1815年1月、ディケーターの戦隊は東インド諸島での任務に配属された。その後まもなくディケーターはプレジデント単独で封鎖を突破、トリスタン・ダ・クーニャで合流しようと試みた。1月15日、ニューヨークを出航した翌日に彼は英領西インド戦隊に遭遇、艦隊はレイジーマジェスティック (HMS Majestic) 、フリゲートのエンディミオン (HMS Endymion) 、パモーン (HMS Pomone) 、テネドス (HMS Tenedos) から構成されていた。プレジデントは偶然浅瀬に乗り上げたが、ディケーターは追跡者から逃れようと試み続けた。エンディミオンが最初に接近し、激闘の末エンディミオンは戦闘不能となった。しかしながらその戦闘で受けた損傷のため、プレジデントはその後パモーンとテネドスによる攻撃のため戦闘不能となり、ディケーターは降伏を余儀なくされた。しかしながら、降伏するという叫び声はパモーンに届かず、降伏の信号が送られるまでプレジデントは砲撃を受けることとなった。ディケーターは「我が艦は無力となり、4倍以上の敵が接近し、脱出の可能性はなくなったため、降伏することが自分の義務であると判断した」とした。戦闘で24名が死亡し55名が負傷、負傷者の中には大きな破片によって傷ついたディケーター自身が含まれていた。

ディケーターと部下は1815年2月までバミューダに囚われた。2月8日、停戦の知らせが届き、ディケーターはナーシサス (HMS Narcissus) で運ばれコネチカット州ニューロンドンに上陸した。ディケーターはニューヨークに着くと、寄宿舎で療養した。
第二次バーバリ戦争

1815年5月、ディケーター代将は10隻の艦から成る戦隊と共に地中海に向かった。アルジェとの第二次バーバリ戦争ではアメリカ人奴隷の解放と上納金支払いの停止を要求し、最終的に協定を成立させた。

ガタ岬沖の戦いでアルジェの旗艦マショウダ (Mashoud) を捕獲し、ディケーターはアルジェのデイと交渉を有利に進める材料を得た。到着後ディケーターはアメリカ合衆国の関心を代表して砲艦外交を早期に使用することを示した。2日以内に新たな条約が締結され、ディケーターの目的は達成された。

アルジェでの戦いの後、ディケーターは彼の戦隊と共にチュニス、トリポリを訪れ、米英戦争時に差し押さえられた財産の返還を要求した。アルジェと同様にディケーターは要求を全て通し、直ちに本国に帰還、勝利の報告を行った。

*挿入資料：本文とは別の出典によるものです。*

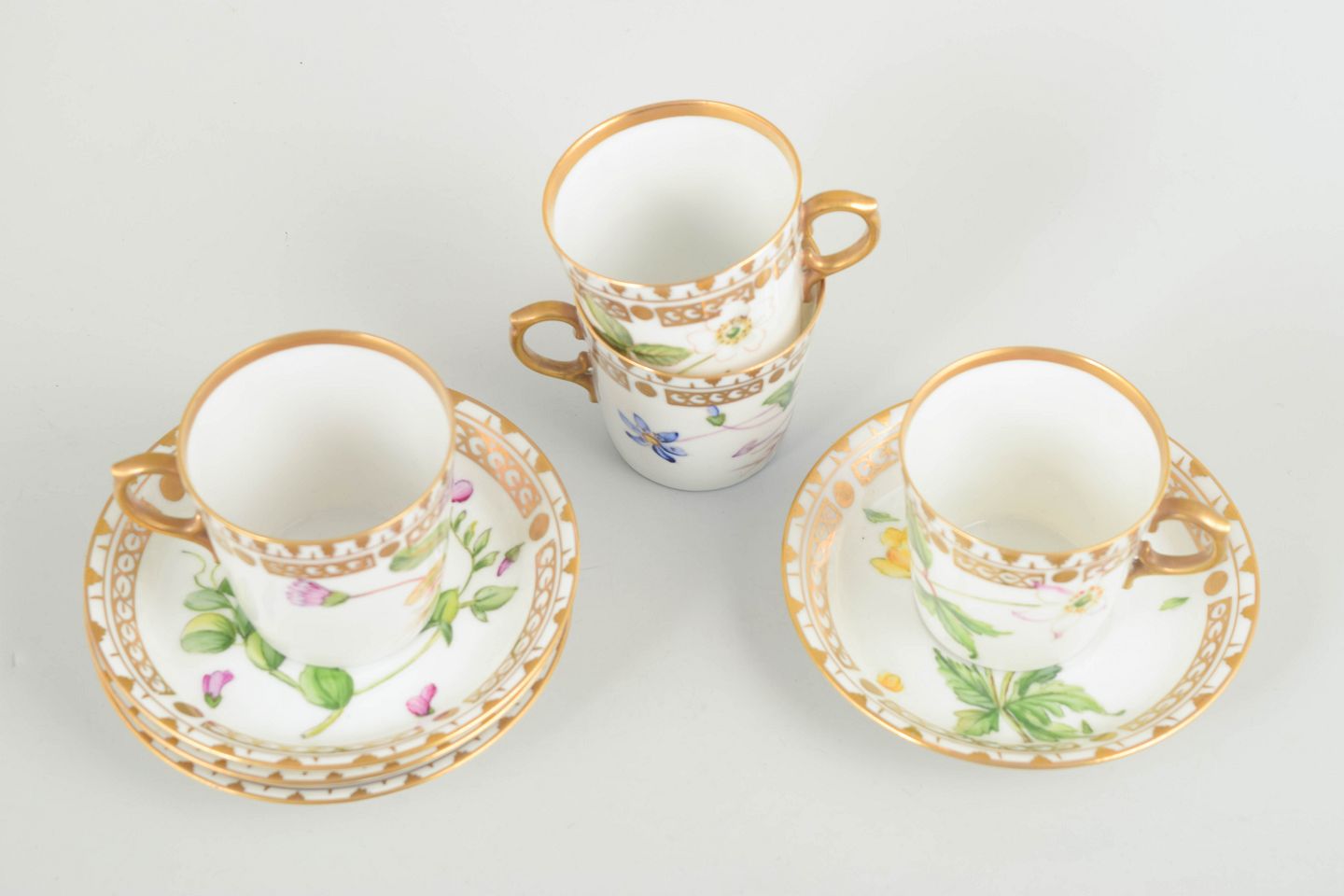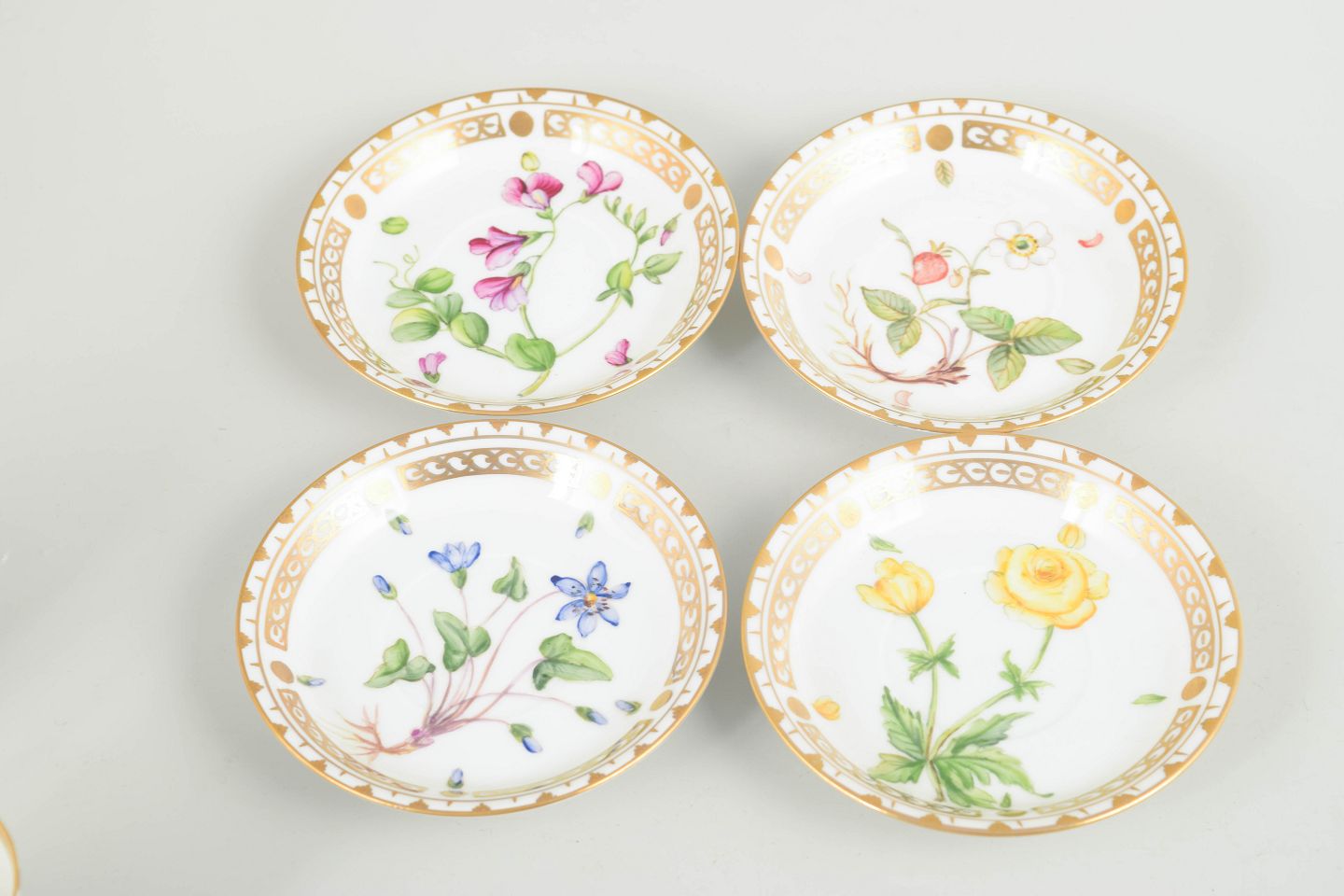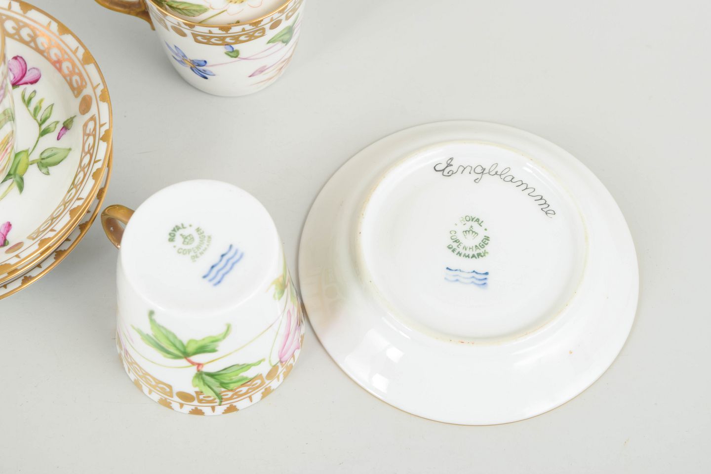 Porcelæn i Flora Danica-stil med håndmalede botaniske motiver og forgyldt kant.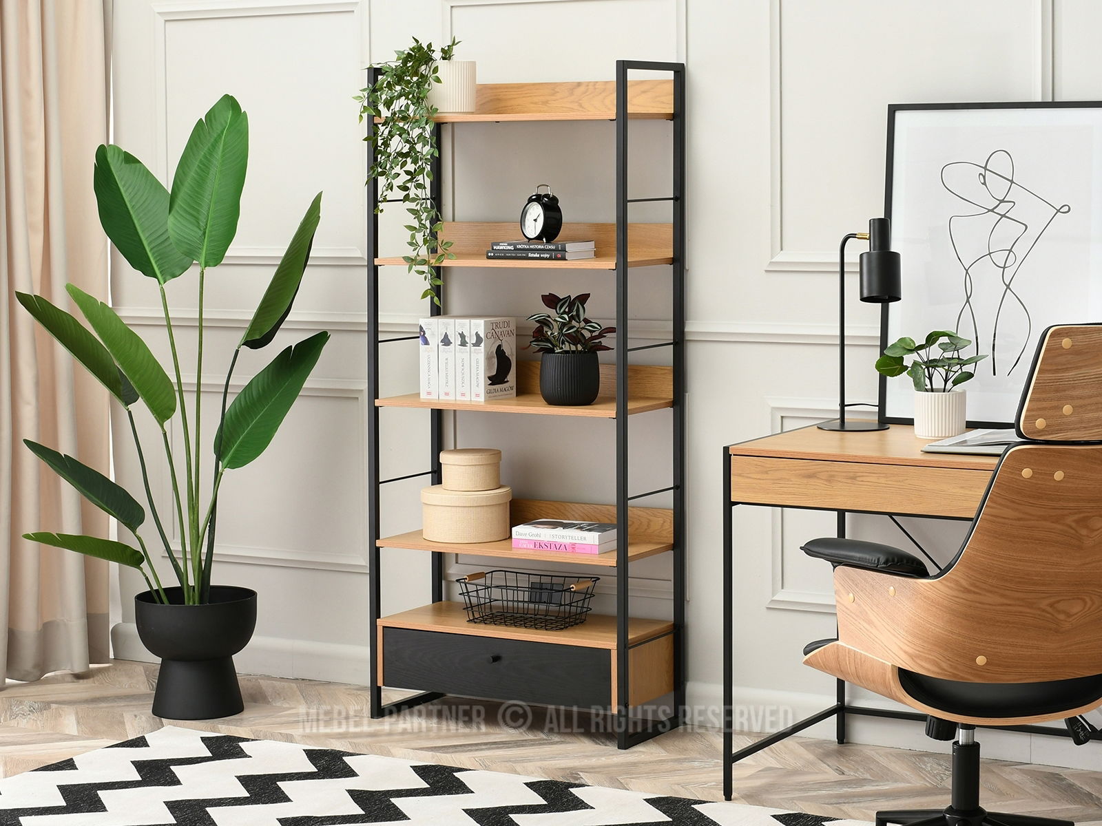 nyitott polcokkal, zárt polcokkal

これらの戦果で彼は「バーバリ海賊の征服王 the Conqueror of the Barbary Pirates」として知られるようになった。
国内での軍歴ディケーター・ハウス

1816年から20年までディケーターは海軍評議委員の職を務めた。評議委員として彼はワシントンの社交界で活躍した。ある時の懇親会で夕食後に彼は「我が国!、諸外国との関係において常に正しい。しかし、正しくても間違っていても、私は我が国を支持する。」と語った。カール・シュルツは後にこの発言を引用して「我々の国は正しいか間違っているかのどちらかだ。」との有名な言葉を残した[5]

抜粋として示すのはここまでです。